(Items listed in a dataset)
-- Opening Marker --

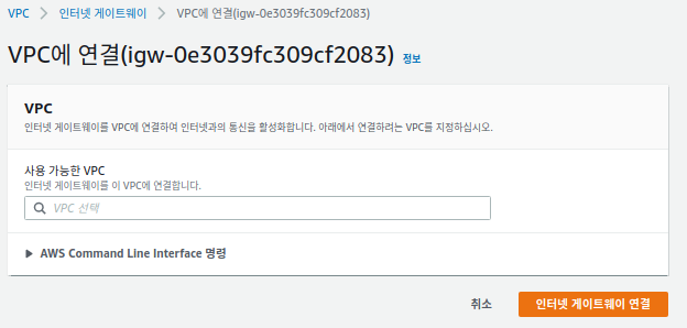 연결하고 싶은 VPC를 연결한 후, 인터넷 게이트웨이 연결 버튼을 클릭합니다.
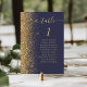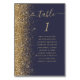 The left-hand edge of this elegant modern wedding table number card features a gold faux glitter border. The word "table" appears in gold-coloured whimsical handwriting script on a dark blue background. Add the names of your guests who are assigned to each table.
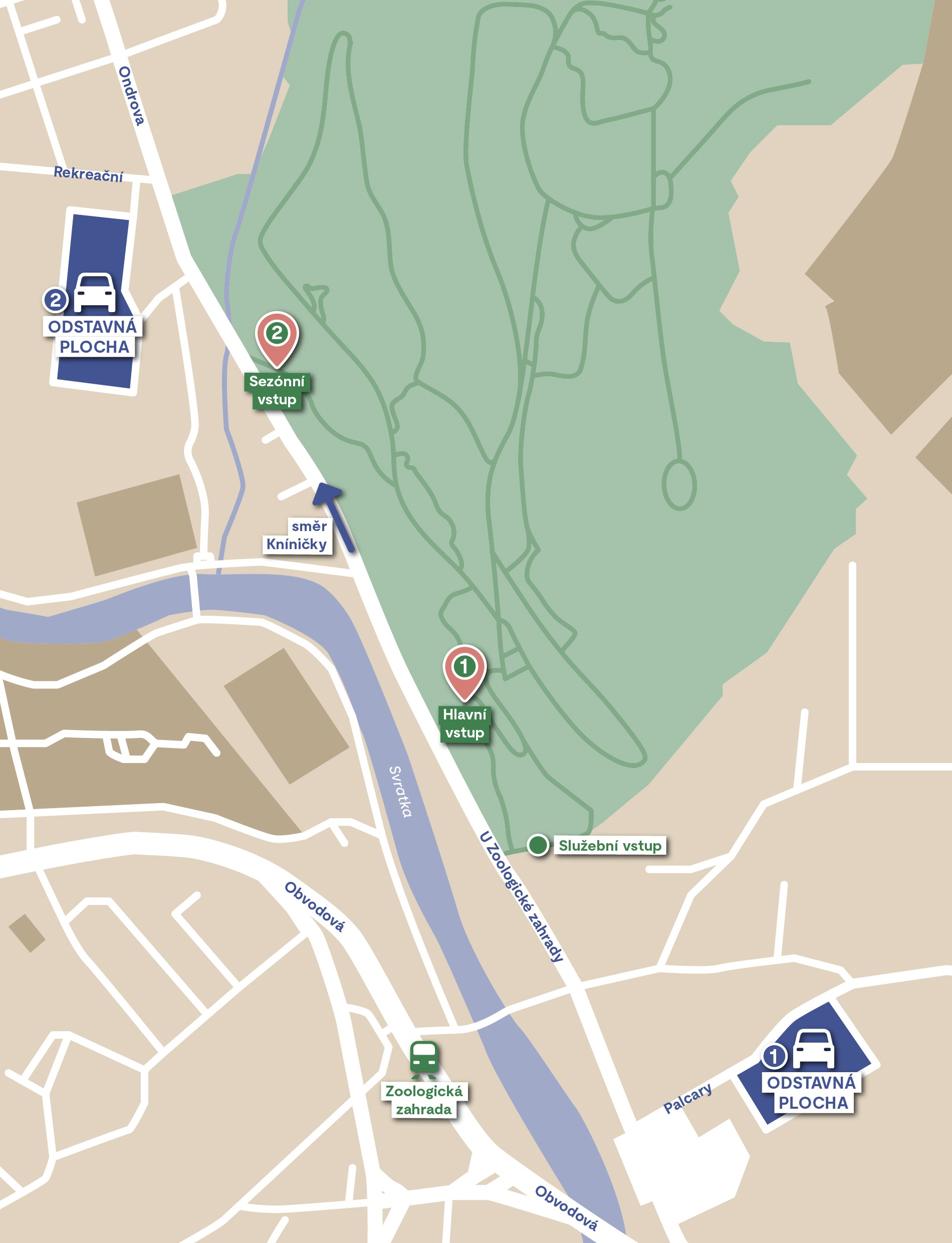 Pokud k nám míříte autem, pomůže vám přehledná mapa odstavných ploch a přístupů k zoo, kterou najdete níže.
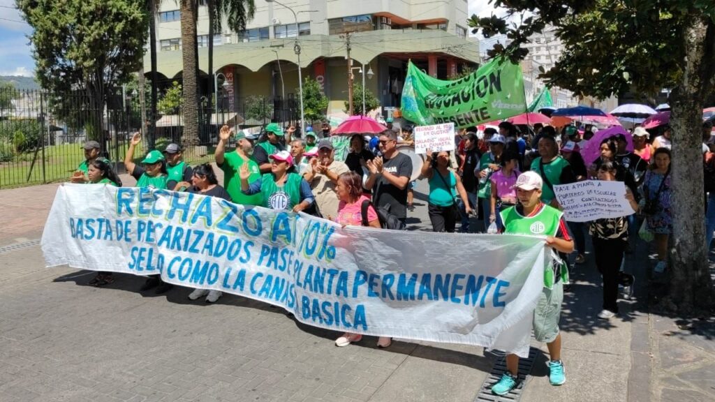 Dirigentes de la Asociación de Trabajadores del Estado (ATE) Jujuy movilizaron este miércoles rechazando el 10% de aumento salarial ofrecido por el gobierno de Jujuy durante la primera reunión de paritaria y anunciaron su adhesión al paro nacional convocado para este jueves 27 de febrero, en el marco de una jornada de lucha. La medida de fuerza será sin asistencia a los lugares de trabajo e incluirá a empleados nacionales, provinciales y municipales.
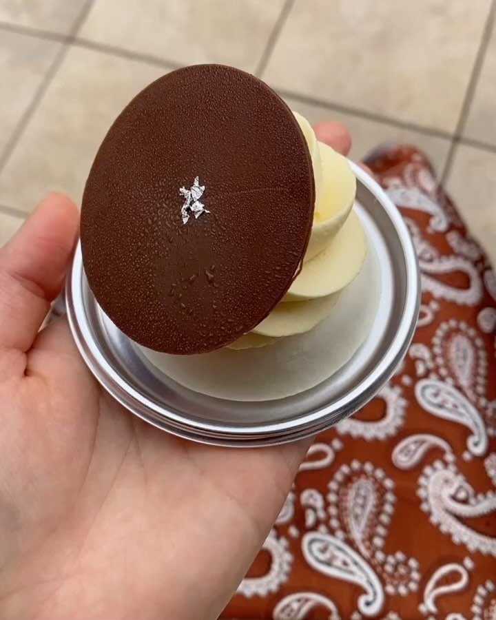 ミルク、ビター、ホワイトのムースを重ねて、ボトムはサブレグ...
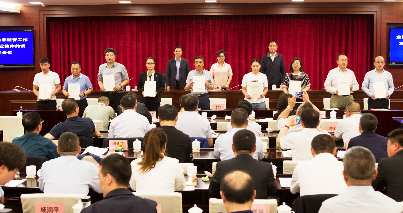 圖為內(nèi)蒙古自治區(qū)市場(chǎng)監(jiān)督管理局召開(kāi)特殊食品監(jiān)管工作及生產(chǎn)企業(yè)集體約談培訓(xùn)會(huì)上 企業(yè)代表簽訂承諾書(shū)后合影。楊燕/攝
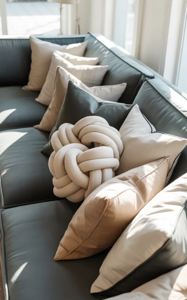 Knot pillows are one of the most stylish cute pillow trends. Their twisted shape looks modern, playful, and artistic at the same time. Soft tones like cream, sage, blush, and gray blend beautifully with modern sofas and minimalist rooms.
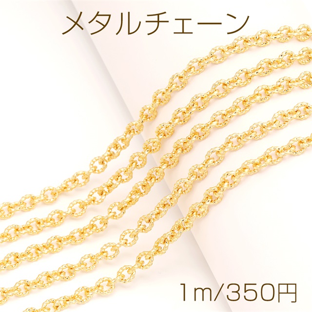 メタルチェーン ツイストデザインアズキチェーン ネックレスチェーン アクセサリーチェーン 色落ちしにくい 18Kゴールドメッキ(長さ1m)
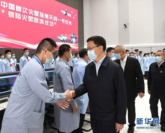 5月15日7時18分,天問一號探測器成功著陸于火星烏托邦平原南部預(yù)選著陸區(qū),我國首次火星探測任務(wù)著陸火星取得成功。中共中央政治局常委、國務(wù)院副總理韓正在北京航天飛行控制中心觀看天問一號探測器實(shí)施火星著陸情況。
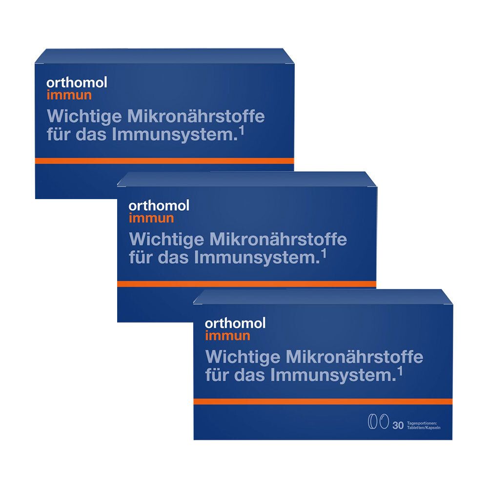 Der angezeigte Preis könnte seit dem letzten Update gestiegen sein - EAN: 4150081084737 - Nahrungsergänzungsmittel sind kein Ersatz für eine ausgewogene und abwechslungsreiche Ernährung und eine gesunde Lebensweise. Der natürliche immunologische Rundumschutz Ein starker Beschützer durchs Leben. Was wir auch tun - arbeiten, Sport treiben,... - Zustand: NEW - bei SHOP APOTHEKE - gefunden von Buycentral Dieses Dreierpack Tabletten/Kapseln ist eine kosteneffiziente Wahl für eine dreimonatige Versorgung. ![]() 3x Orthomol Immun 30 Tabl./Kaps.Kombipackung 3x30 St Kombipackung
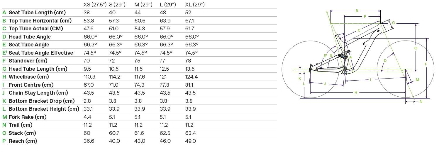 The head angle is slack, the stays are short and the seat angle is steep. It’s that long, low modern geometry that helps you wring a little more flow out of every kind of trail. - One Size Doesn’t Fit All:
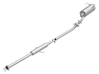 Axle-back exhaust systems replace only your vehicle’s rear exhaust section, which usually consists of items behind the rear axles, like rear exhaust pipes, mufflers, and exhaust tips. These systems typically leave your vehicle’s factory B-pipe, or “mid-pipe,” intact, offering moderate performance gains and decibel increases. However, considering they include fewer components, they're typically less expensive and easier to install.
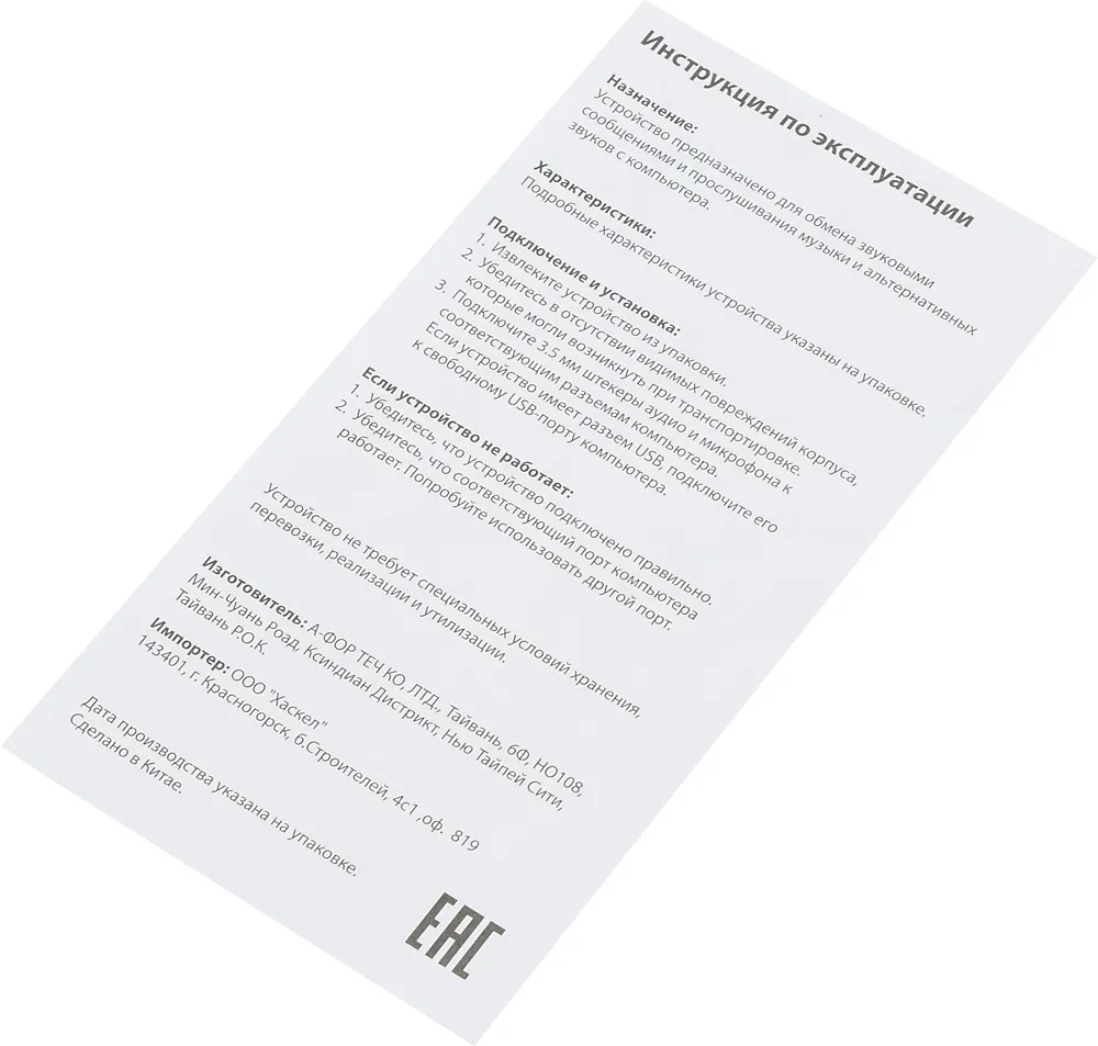 Тип гарнитуры
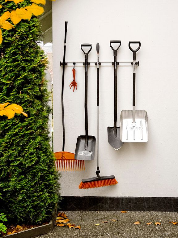 Použítí s lištou Toolflex Original (není součástí tohoto balení), umožňující posouvání jednotlivých držáků nebo háčků dle aktuální potřeby.
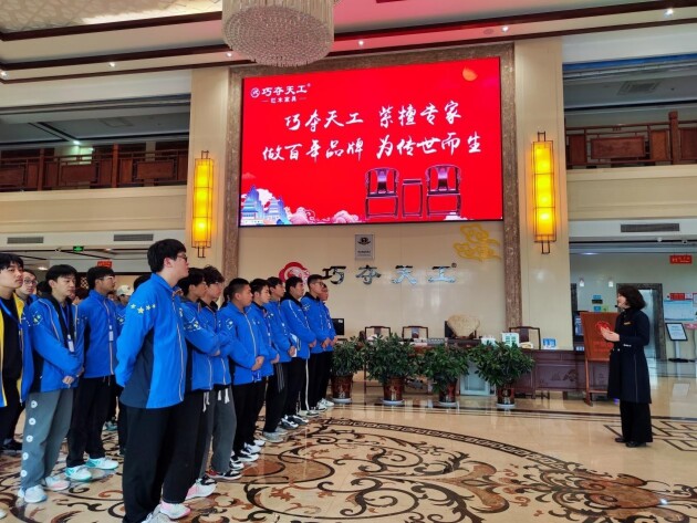 参观团一行首先来到的是山东巧夺天工家具有限公司,在讲解员的带领下,走进被评定为国家AAA级旅游景区的巧夺天工红木文化博物馆。大师们匠心独运的工艺技术以及毫厘拿捏之间的精雕细琢,给师生留下了深刻印象。

-- Closing Marker --

# Required work:
The required output is the exact lines from the opening line of the entries through the line with "Pokud k nám", inclusive, without pictures.

# Finished exercise:
 연결하고 싶은 VPC를 연결한 후, 인터넷 게이트웨이 연결 버튼을 클릭합니다.
 The left-hand edge of this elegant modern wedding table number card features a gold faux glitter border. The word "table" appears in gold-coloured whimsical handwriting script on a dark blue background. Add the names of your guests who are assigned to each table.
 Pokud k nám míříte autem, pomůže vám přehledná mapa odstavných ploch a přístupů k zoo, kterou najdete níže.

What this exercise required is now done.